H (S) = - Σ_{x = 1}^{m} p (C_{x}) \log_{2} (C_{x})

the formula for H (S | A) is:

H(S|A)＝P(a)H(S|a)+P(a')H(S|a')

H (S | a) = - Σ_{x = 1}^{m} p (C_{x} | a) \log_{2} (C_{x} | a)

H (S | a^{'}) = - Σ_{x = 1}^{m} p (C_{x} | a^{'}) \log_{2} (C_{x} | a^{'})

5. a mixed feature selection method based on harmony search according to claim 3, wherein: the Relief algorithm gives different weights to the features according to the relevance of each feature and category, and the features with the weights smaller than a threshold value are removed; the correlation of the features and the categories is determined from the distance between samples.
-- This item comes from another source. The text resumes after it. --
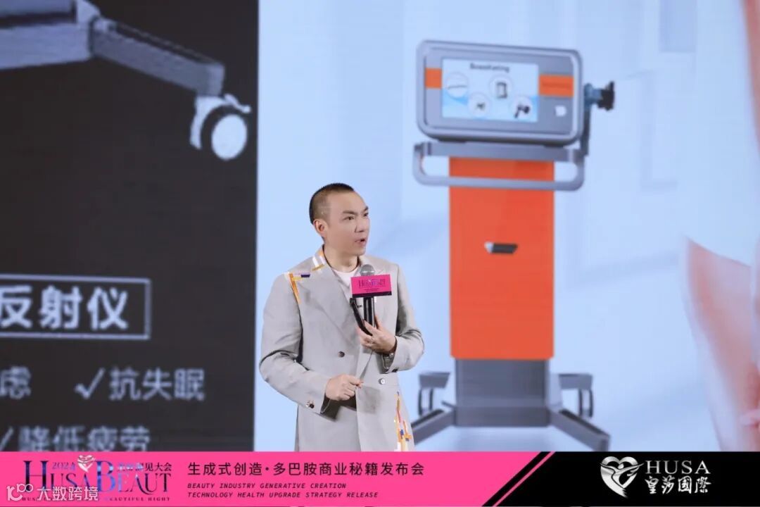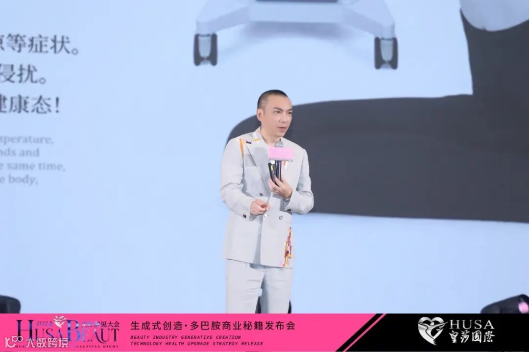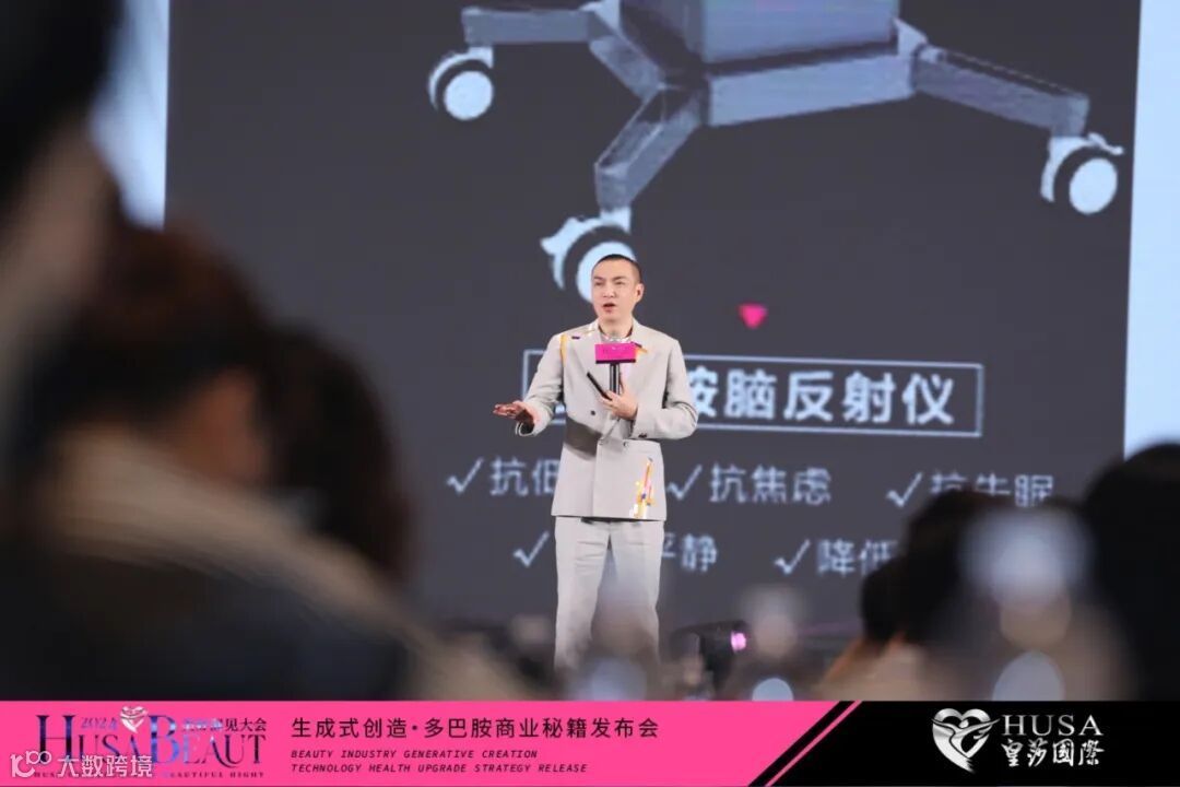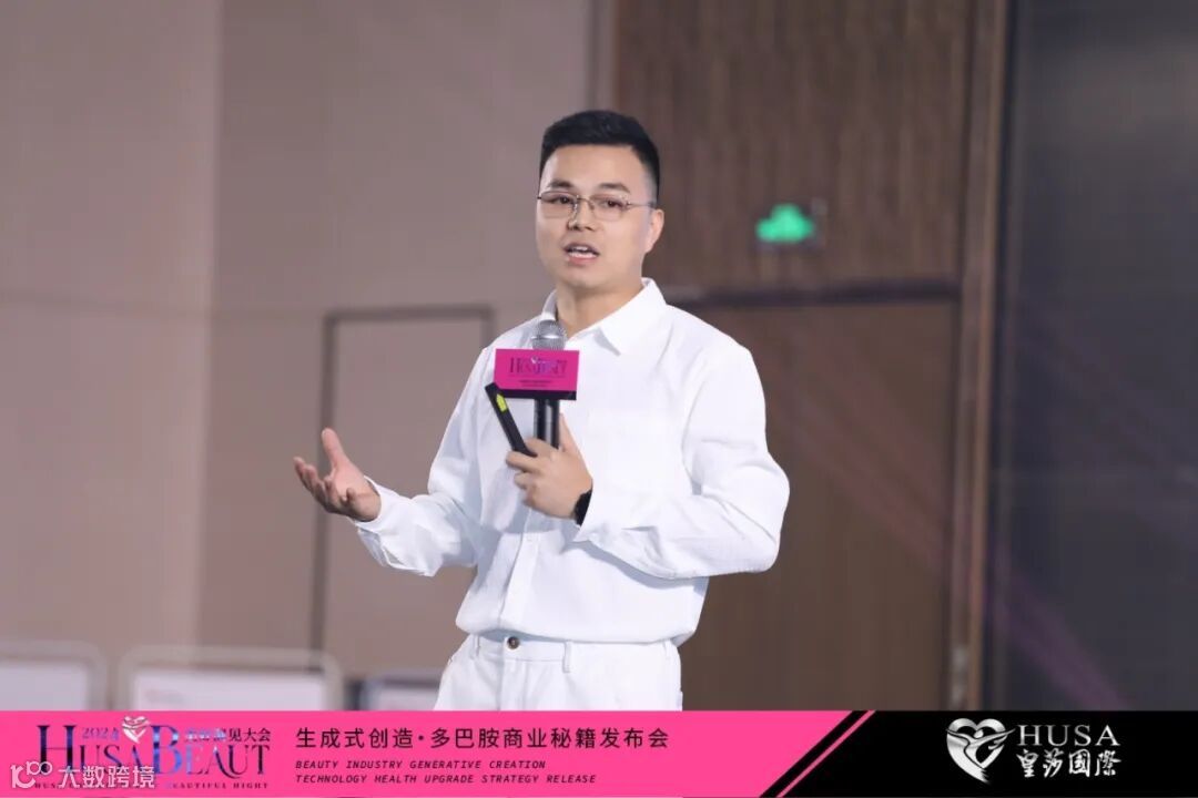 皇莎集团董事长-陶伟先生在会上分享多巴胺商业秘籍的思维逻辑。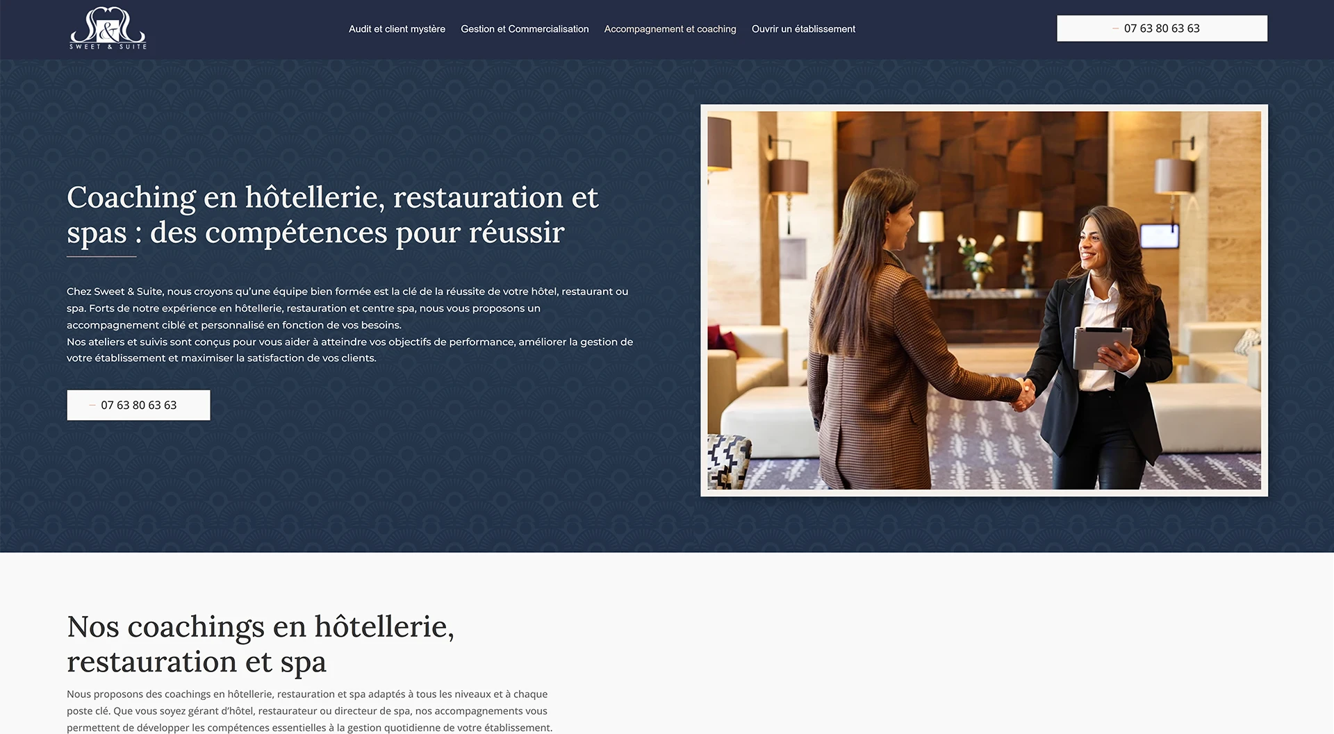 Chaque page est pensée pour convaincre et rassurer, tout en positionnant Sweet & Suite comme un pilier du conseil hôtelier à Paris et en régions.

The weight of feature a can be calculated by the following equation:

W (A) = W (A) - \frac{d i f f (A, R, H) - d i f f (A, R, M)}{m}

6. A mixed feature selection method based on harmony search according to claim 3, wherein: the method for calculating the chi-square value in the chi-square statistics comprises the following steps:

χ^{2} = Σ_{i = 1}^{n} Σ_{j = 1}^{c} \frac{{(S_{i j} - F_{i j})}^{2}}{F_{i j}}

F_ij＝K_i*C_j/N

7. The method for selecting mixed features based on harmony search according to any one of claims 1 to 6, wherein: the degree of dependency of harmony described in step S4 is calculated by the following formula:

k = γ_{p} (Q) = \frac{| {POS}_{p} (Q) |}{| U |}

wherein,

{POS}_{P} (Q) = \underset{x &Element; U / Q}{\cup} \underset{&OverBar;}{P} X

u is a finite object set which is not empty, and X is a subset of U; p, Q are all subsets of A, a limited set of features that are not empty; PX is a low approximation, meaning that it must be classified at X; POS (Point of sale)_P(Q) represents the largest set of objects that are determined by P and must belong to the irrespectively relational decision of Q; gamma ray_P(Q) represents the degree to which Q depends on P.